I shook my head. "I don't know. I don't have an easy time getting along with anyone anymore."

"I think you're easy to get along with," he said.

"You might change your mind. What about your weekend?" It was a stupid question to ask a ghost. I realized that as soon as I said it.

He told me that he'd spent the weekend lurking around his own house, watching his parents and brother Jamie grieve in their own ways. Dad was sullen and angry. Mom clung to Jamie. Jamie was withdrawn.

Josh's eyes went shiny as he spoke. When he trailed off, I looked back towards the school building to give him some privacy.

Then I asked, "So what's your brother like?"

He cleared his throat and then said, his voice something like normal, "Jamie has Down syndrome. He's older than me, he already graduated high school, and he works at the Shopper's in Greensboro. We drove each other crazy all the time as kids, but he's a good big brother."

"Drew and I were still in the driving-each-other-crazy stage," I said.
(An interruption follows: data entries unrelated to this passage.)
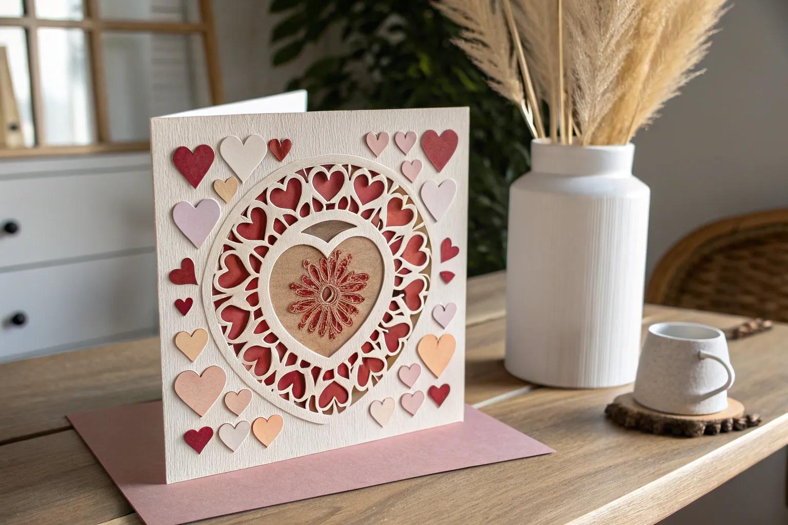 Fold a simple origami heart design and attach it to the front of your card. This adds a lovely dimension and is perfect for a quick yet impactful design.
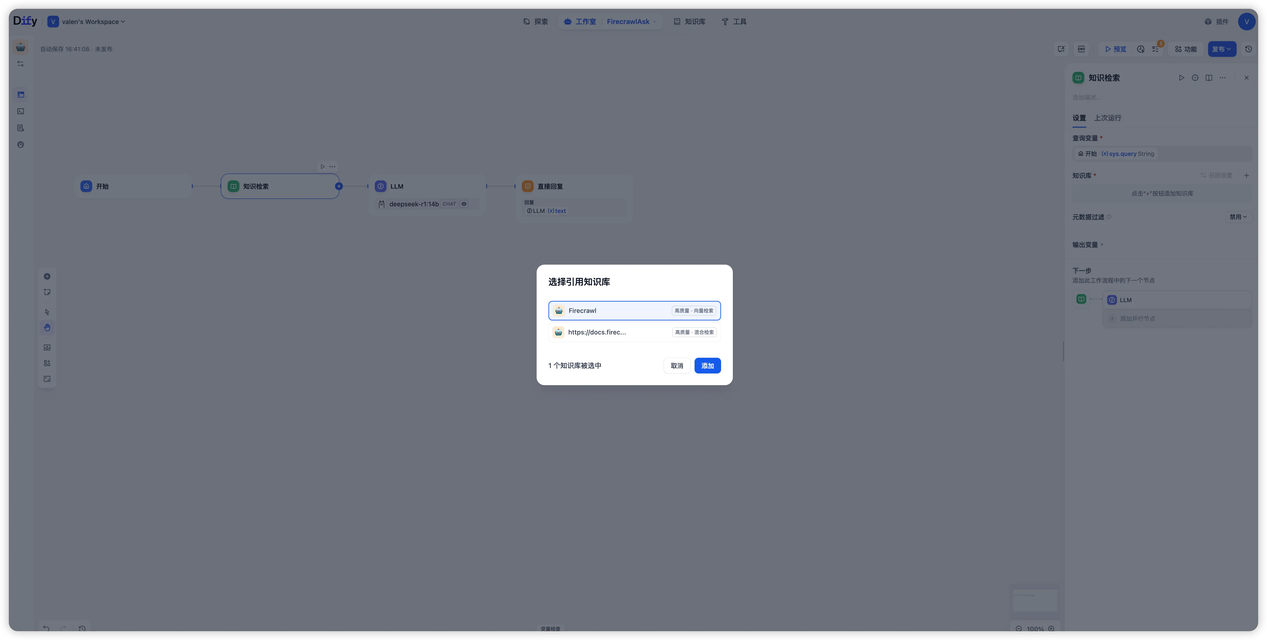 其中 Firecrawl API 密匙填写的是在安装 Firecrawl 时配置的TEST_API_KEY=ceshi。
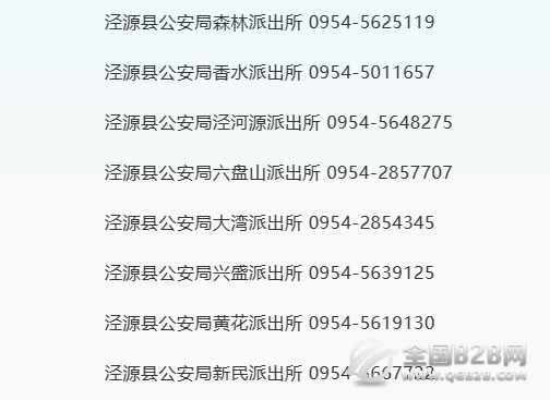 固原市泾源县各个派出所联系电话号码汇总表。固原市泾源县各派出所联系电话号码是多少:
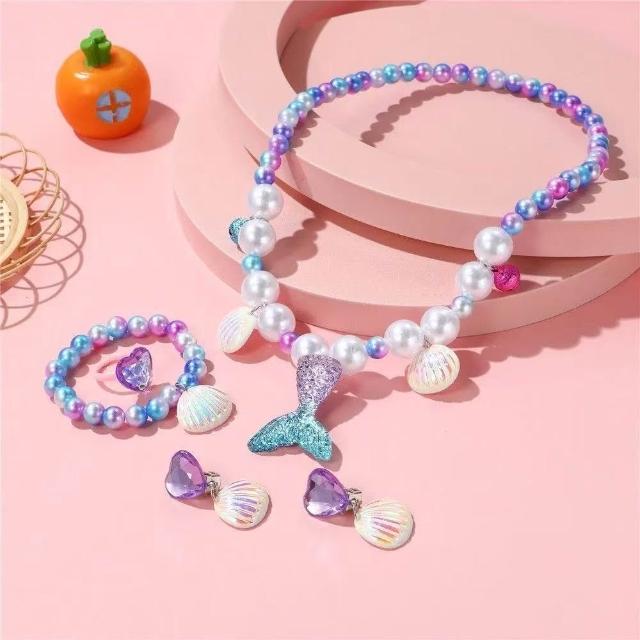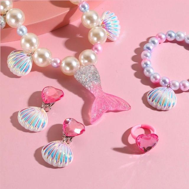 兒童項鍊套盒兒童首飾多巴胺項鍊兒童美人魚尾巴貝殼開學項鍊手鍊
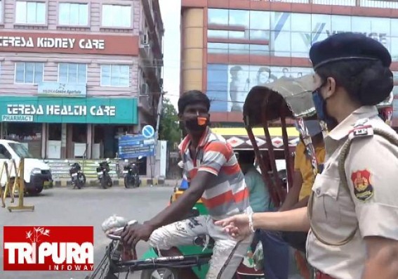 AGARTALA, May 19 (TIWN): Covid Curfew has fallen on Day-3 in Agartala Municipal Corporation (AMC) amid tight security has been deployed in state. Thorough checking of vehicles continue to find out whether anyone is violating the Curfew by going out without any necessary cause.. Proper actions are underway, said police. Sadar SDPO Ramesh Yadav on the 3rd day of AMC Curfew has said that as this Curfew was imposed aimed to break the chain of Coronavirus, so people must understand the gravity of the situation. "I appeal the people not to go out except emergency purposes. Stay home to break the chain of transmission.......", the SDPO said. He further informed media that police are checking each of the vehicles to find whether anyone is moving unnecessarily. Police continue to take legal action also against the violators. In Agartala Municipal Corporation (AMC), the positivity rate is 18%, as said by Law Minister Ratanlal Nath.
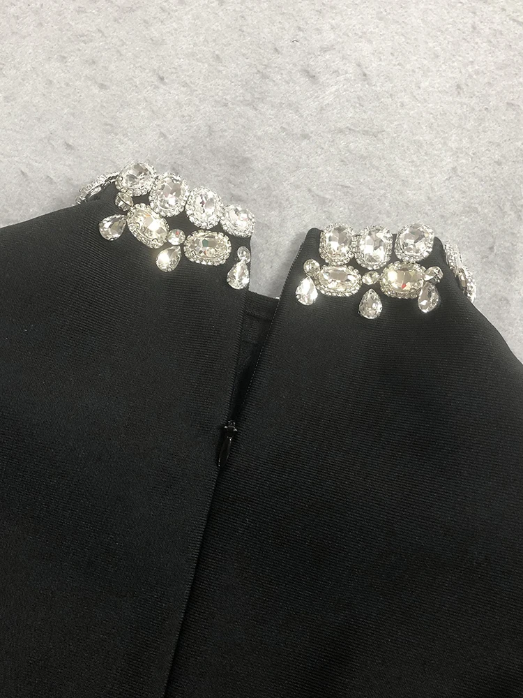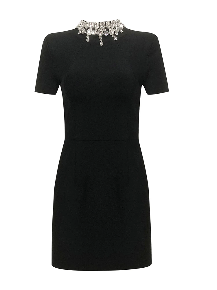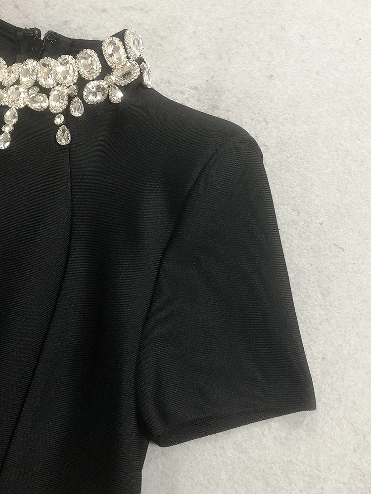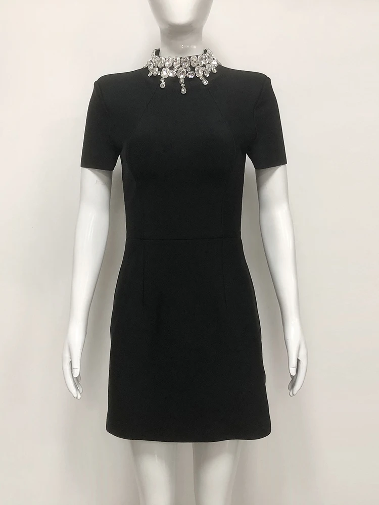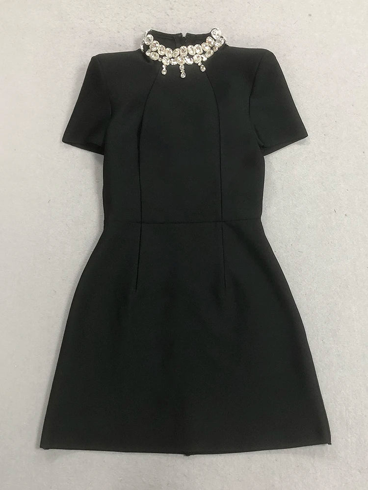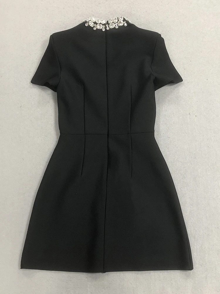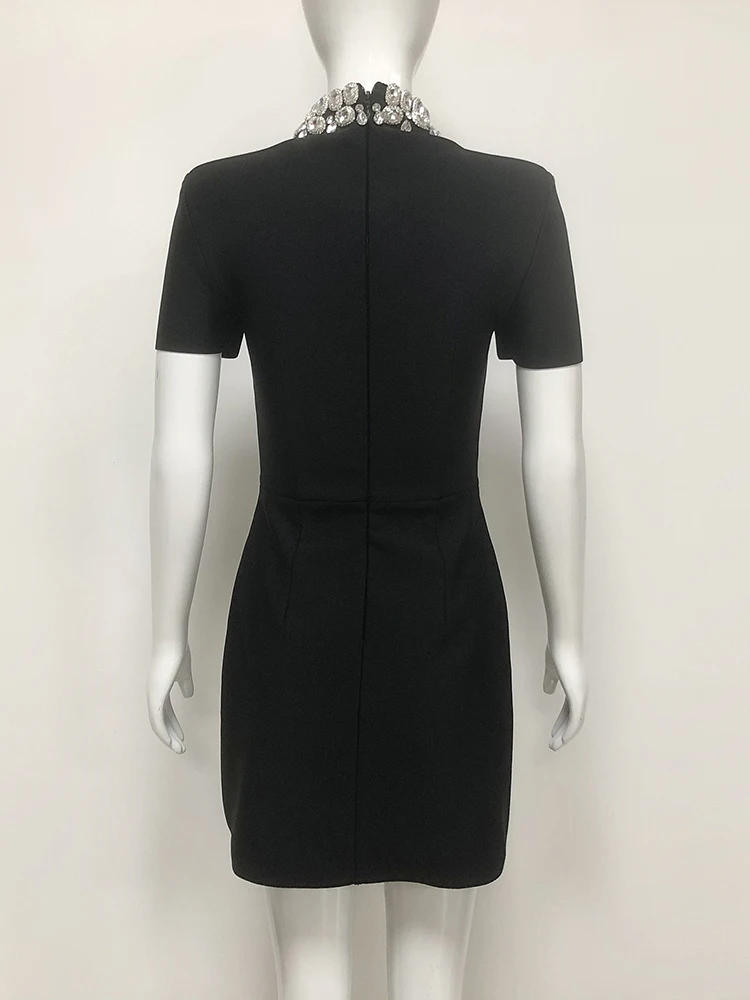 Trend4us Elegant Crystal Collar Short-Sleeve Mini Dress

"Things definitely got better when we were older, but I'm not sure you ever completely stop bugging each other," he said. "Jamie loves balloons, not that he would never let on to that in public these days. When we were kids there were always balloons drifting through the house, and it drove me crazy. I'd have friends over, and then these balloons... I'm sure they thought we were so weird."
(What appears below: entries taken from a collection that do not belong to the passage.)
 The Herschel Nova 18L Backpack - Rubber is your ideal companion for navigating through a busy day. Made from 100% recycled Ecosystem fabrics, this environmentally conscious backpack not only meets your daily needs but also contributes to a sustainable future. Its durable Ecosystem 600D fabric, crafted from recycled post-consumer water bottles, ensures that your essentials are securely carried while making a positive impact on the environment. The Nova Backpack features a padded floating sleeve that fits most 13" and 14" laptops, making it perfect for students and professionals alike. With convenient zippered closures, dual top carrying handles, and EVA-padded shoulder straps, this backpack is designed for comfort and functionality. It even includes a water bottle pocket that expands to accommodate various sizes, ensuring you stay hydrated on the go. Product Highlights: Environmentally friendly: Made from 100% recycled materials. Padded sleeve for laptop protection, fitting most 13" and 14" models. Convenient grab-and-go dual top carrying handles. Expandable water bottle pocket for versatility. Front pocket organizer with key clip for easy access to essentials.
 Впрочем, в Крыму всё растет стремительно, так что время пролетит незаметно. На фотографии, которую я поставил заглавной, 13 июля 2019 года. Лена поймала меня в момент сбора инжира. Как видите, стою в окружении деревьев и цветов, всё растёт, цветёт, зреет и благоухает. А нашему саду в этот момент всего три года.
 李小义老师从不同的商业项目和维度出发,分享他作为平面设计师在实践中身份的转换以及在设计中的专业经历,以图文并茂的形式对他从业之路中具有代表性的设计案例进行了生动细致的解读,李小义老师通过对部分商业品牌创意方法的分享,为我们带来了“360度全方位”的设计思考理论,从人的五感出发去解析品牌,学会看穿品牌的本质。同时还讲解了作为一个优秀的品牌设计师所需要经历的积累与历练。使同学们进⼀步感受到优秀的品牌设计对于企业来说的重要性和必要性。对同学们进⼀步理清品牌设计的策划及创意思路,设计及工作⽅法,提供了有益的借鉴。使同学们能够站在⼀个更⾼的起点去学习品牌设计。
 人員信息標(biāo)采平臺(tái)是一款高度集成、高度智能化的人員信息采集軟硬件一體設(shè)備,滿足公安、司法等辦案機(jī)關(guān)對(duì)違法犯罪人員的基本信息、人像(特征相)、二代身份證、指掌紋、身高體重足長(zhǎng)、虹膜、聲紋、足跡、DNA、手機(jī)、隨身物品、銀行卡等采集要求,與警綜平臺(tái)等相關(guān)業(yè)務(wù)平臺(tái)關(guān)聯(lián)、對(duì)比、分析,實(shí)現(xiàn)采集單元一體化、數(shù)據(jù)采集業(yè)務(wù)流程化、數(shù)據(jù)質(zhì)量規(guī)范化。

"The other thing was, he couldn't blow up the balloons himself – he's never gotten the hang of it for some reason. So he'd always be after me to blow up more balloons."

"Did you?"

"Sometimes," he said. "In my better moments as a brother, I tried to keep him stocked with balloons. I always get a bunch of helium ones on his birthday. They're way better than Josh-inflated balloons."

"It sounds like you were a good brother," I said.
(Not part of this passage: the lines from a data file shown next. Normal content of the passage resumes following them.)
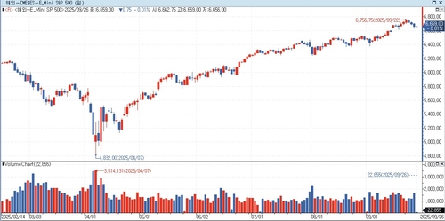 연합인포맥스 지수선물 통합화면(화면번호 6520)에 따르면 한국 시각으로 오전 10시50분 기준 E-미니 S&P500 지수 선물은 전장 대비 0.01% 내린 6,660.50에 거래됐다.
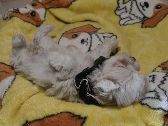 この度はとっても元気な子をありがとうございました。 見学の際は駅まで迎えにきていただき、説明もとても丁寧で安心しました。 空輸で送っていただき、ありがとうございました。 迎えてから一週間が経ち、家にも慣れて、へそ天で寝ています。 トイレトレーニングも、来た時から8割できていて、今ではほとんど失敗しなくなりました。 可愛く元気で、毎日元気に飛び跳ねています。(奈良県 女性)
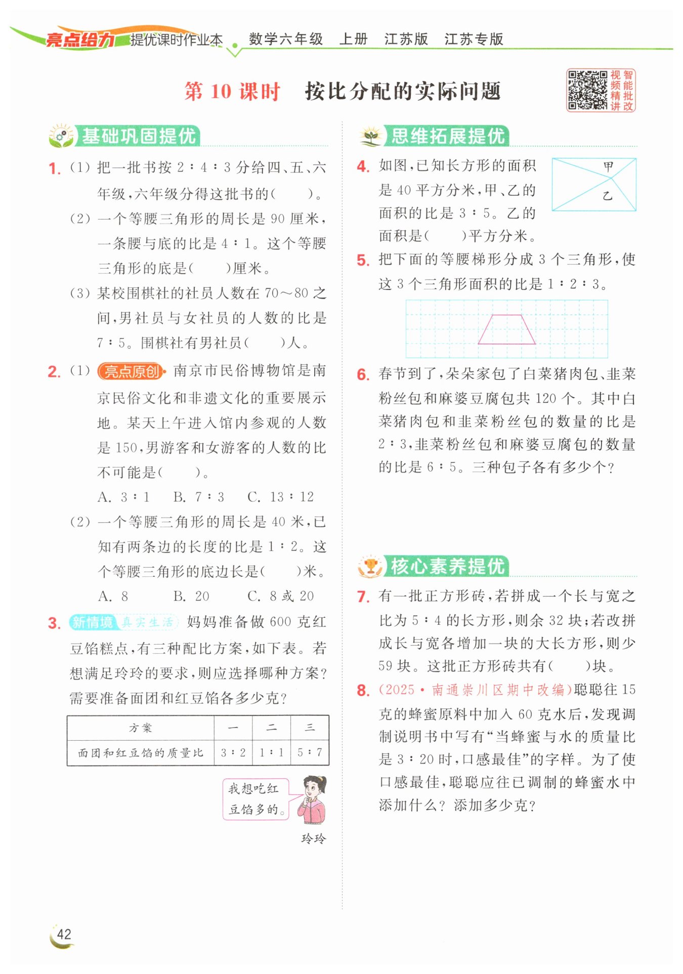 因為白菜豬肉包:韭菜粉絲包$ = 2:3 = 4:6,$韭菜粉絲包:麻婆豆腐包$ = 6:5,$所以白菜豬肉包:韭菜粉絲包:麻婆豆腐包
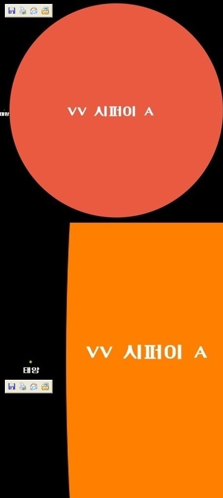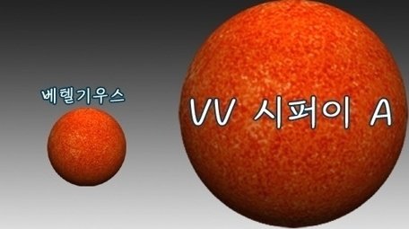 VV Cephei A(VV 시퍼이 A) 는 한때 발견된 별들 중에 가장 크기가 큰 별이며 지구에서 8140광년 떨어져 있다고 합니다.

"It never feels like enough once you're out of time, though," he said. "Does it?"

A pressure in my chest that I hadn't even recognized suddenly lifted. That's how great the power is of having a feeling finally named and recognized. "No," I said. "It doesn't. I didn't think anyone else felt that way."

"Tell me about Drew," he said softly.

I told him about Drew, who died before his tenth birthday. I never wanted a little brother. I'd wanted a little sister, and when he was born, I didn't change my mind. I started painting his toenails when he was just a baby. My parents rolled their eyes but didn't protest. As he got older, he would even come ask me to paint his toenails when they chipped. I never told him it was a girl thing. It was our thing to do together. Until he went to kindergarten and was teased mercilessly – well, as mercilessly as five-year-olds can tease — for having hot pink polish on his toes.

Josh laughed. It startled me. Then I had to smile too. It was a funny memory, my sandy-haired brother as a toddler sitting on the couch, watching me seriously as I painted every little toenail.

"I'm sure Drew knew you loved him," Josh said. "Nail polish hijinks aside."

"I'm not so sure," I said. I hesitated. "I changed the subject the other day, you know, when you asked how I got the gift."

"Yeah, I noticed," he said. He was still smiling, but his eyes sobered.

"I don't understand the how and why of any of it," I said. "But the gift started after Dad and Drew died in the wreck. There's one thing I've wanted to do, to talk to them one last time. To tell them I love and miss them. And that seems to be the one thing I can't do."

"Maybe they already passed on to the next world," he said. "Maybe they know you love them and miss them, and they didn't have any reason to be ghosts."

"Maybe," I said. "But maybe doesn't keep me from waking up at night, feeling—" I broke off. Josh seemed to understand me, to be the one person it was safe to talk to. But that didn't mean there weren't some things still too hard to say.

"It's okay," he said, and then, "If they're in the next world already, I promise, I'll find them when I cross over. I'll tell them what you said."

"But I'll never know," I said.

"I'll come back and tell you," he promised.